Waimanalo accident kills youth on bicycle

By Eloise Aguiar
Advertiser Windward O'ahu Writer

WAIMANALO — Police are seeking a boy who was with a 14-year-old Waimanalo youth yesterday morning moments before the youth was struck and killed when his bicycle veered onto Kalaniana'ole Highway.

The medical examiner's office last night identified the victim as Justin L. Flores.

The boys were both on bicycles when the collision occurred at about 8:30 a.m., and two witnesses said they thought the other boy pushed the victim into the road by accident, police said.

The second boy told people at the scene that he was going to tell his aunt about the accident, but he never returned, police said.

Bystanders said the victim was a student at Waimanalo Elementary & Intermediate School.

Word of the tragedy spread quickly through this rural community.

An accident like this is tragic for both sides — the victim and the driver — said Wilson Ho, chairman of the Waimanalo Neighborhood Board.

"At this point, fault is not important because there's a tragedy here," Ho said, adding that his sympathy goes out to both families.

Police said witnesses told them that the boys were riding on the mauka sidewalk in the Kailua-bound direction between Waimanalo Elementary & Intermediate School and Mo'ole Street and were playing and slapping each other.

Somehow, Flores ended up in the road in the path of a white Taurus station wagon driven by a 21-year-old Waimanalo resident who was heading toward Makapu'u, police said.

The car struck the youth, and he landed on the hood, crushing the passenger-side windshield.

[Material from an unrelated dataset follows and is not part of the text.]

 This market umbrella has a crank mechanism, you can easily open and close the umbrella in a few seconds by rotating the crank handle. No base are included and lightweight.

He fell to the road about 35 feet from the point of impact, police said.

Flores was taken to the Queen's Medical Center in critical condition and was pronounced dead at the hospital.

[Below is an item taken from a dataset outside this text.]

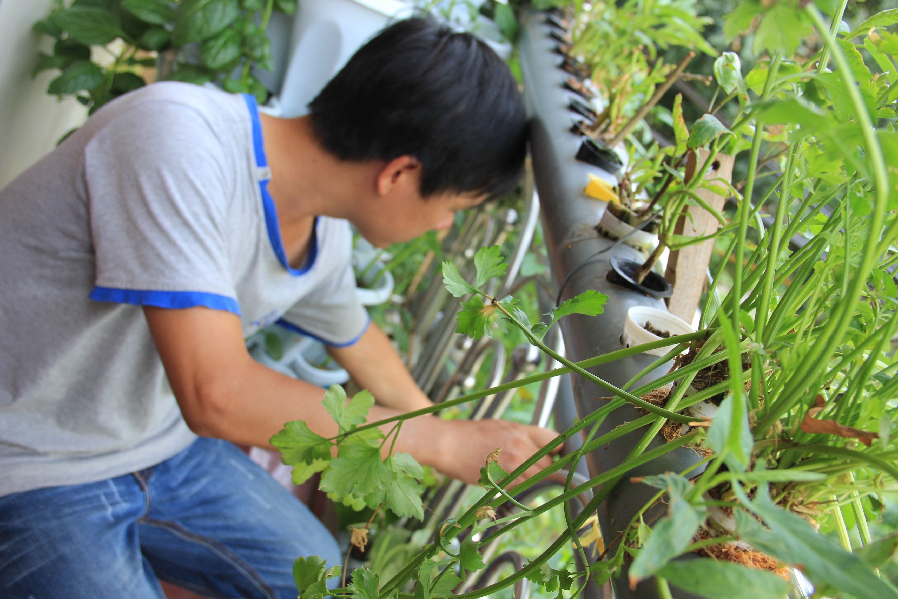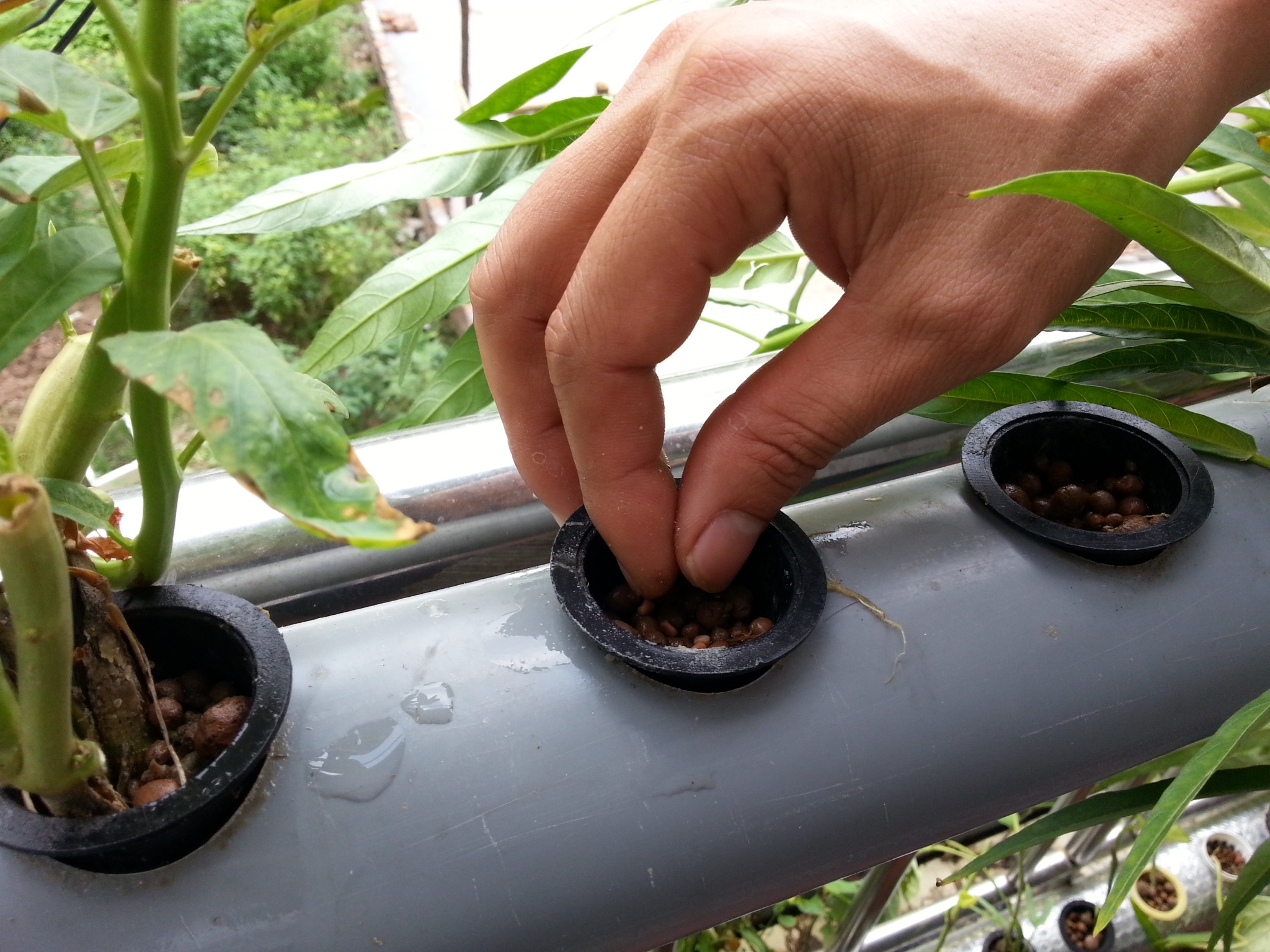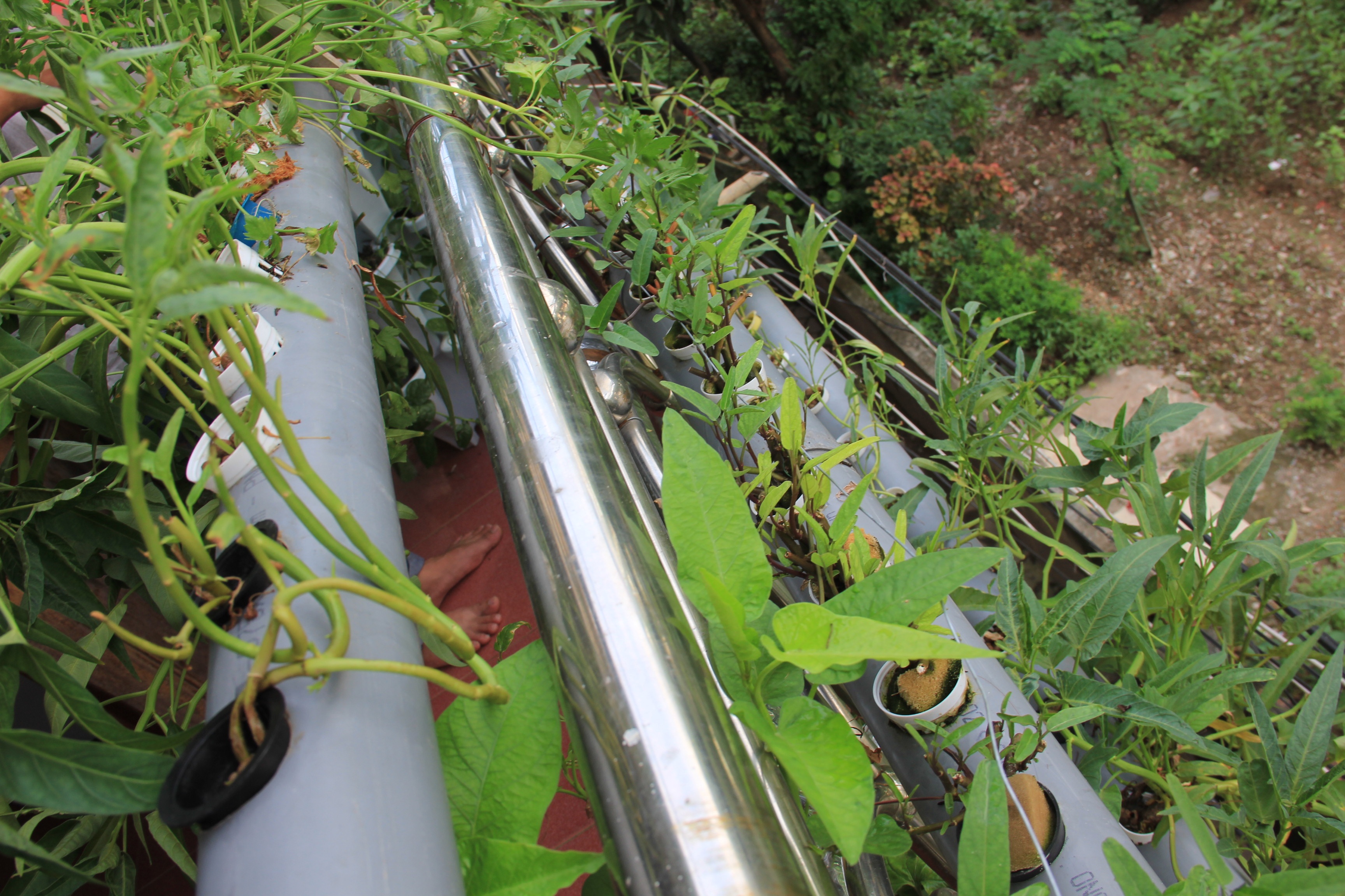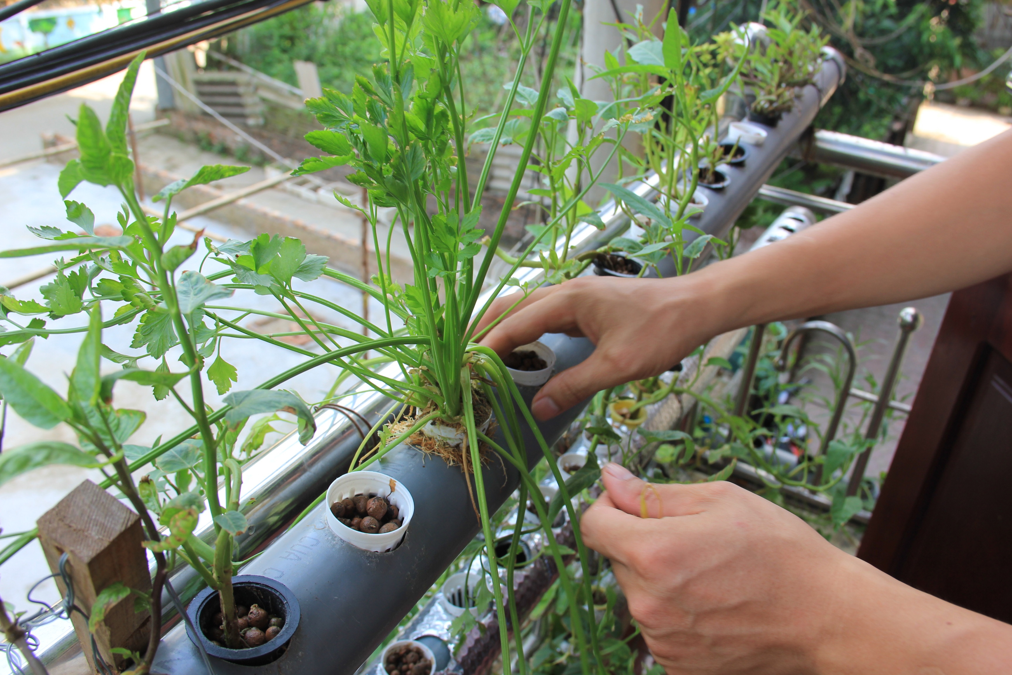 Điều đặc biệt là vườn rau này được trồng trên những ống nhựa to chừng 10 cm, và có thể di chuyển bất cứ lúc nào. Đây là phương pháp trồng rau thuỷ canh tĩnh, hay còn gọi là hệ thống trồng rau bán thuỷ canh hồi lưu, cây sinh trưởng và phát triển nhờ hệ thống tuần hoàn dinh dưỡng.

Neither speed nor alcohol was a factor in the accident, police said.

At the accident site late yesterday morning, a pair of black slippers lay on the asphalt sidewalk.

A white circle on the highway indicated the point of collision. The boy's bicycle, purchased at a police auction and now marked for evidence, leaned against a wall pending transportation. A bent front wheel bore witness to the accident.

A small group of residents gathered in the only shady spot at the intersection of Mo'ole and Kalaniana'ole and talked about what had happened, although no one had actually seen it.

Every time a car pulled up and came to a stop, its passengers were told about the accident.

Police closed the highway between Waimanalo Elementary & Intermediate School and Mo'ole Street while conducting their investigation, which included speed and braking tests on the station wagon that struck the youth. The road was opened at about noon.

The two-lane highway where the collision occurred is straight, with no obstructions. The speed limit is 25 mph, 20 during school hours, but the school is on a break.

The driver's family gathered around him in the shade of a banyan tree on the school campus as he wrote out his statement. They declined to comment.

Ho, the neighborhood board chairman, said traffic usually moves slowly through the area because vehicles are backed up because of stoplights.

The sidewalk is adequate for walking but not two bikes side by side, Ho said.

Mo'ole Street resident Kenneth Hanohano, 26, said he knew both of the boys because they often played in the park across from his home. Neither of the youths was ever in trouble, he said.

"They would catch chickens around here and play in the park," Hanohano said.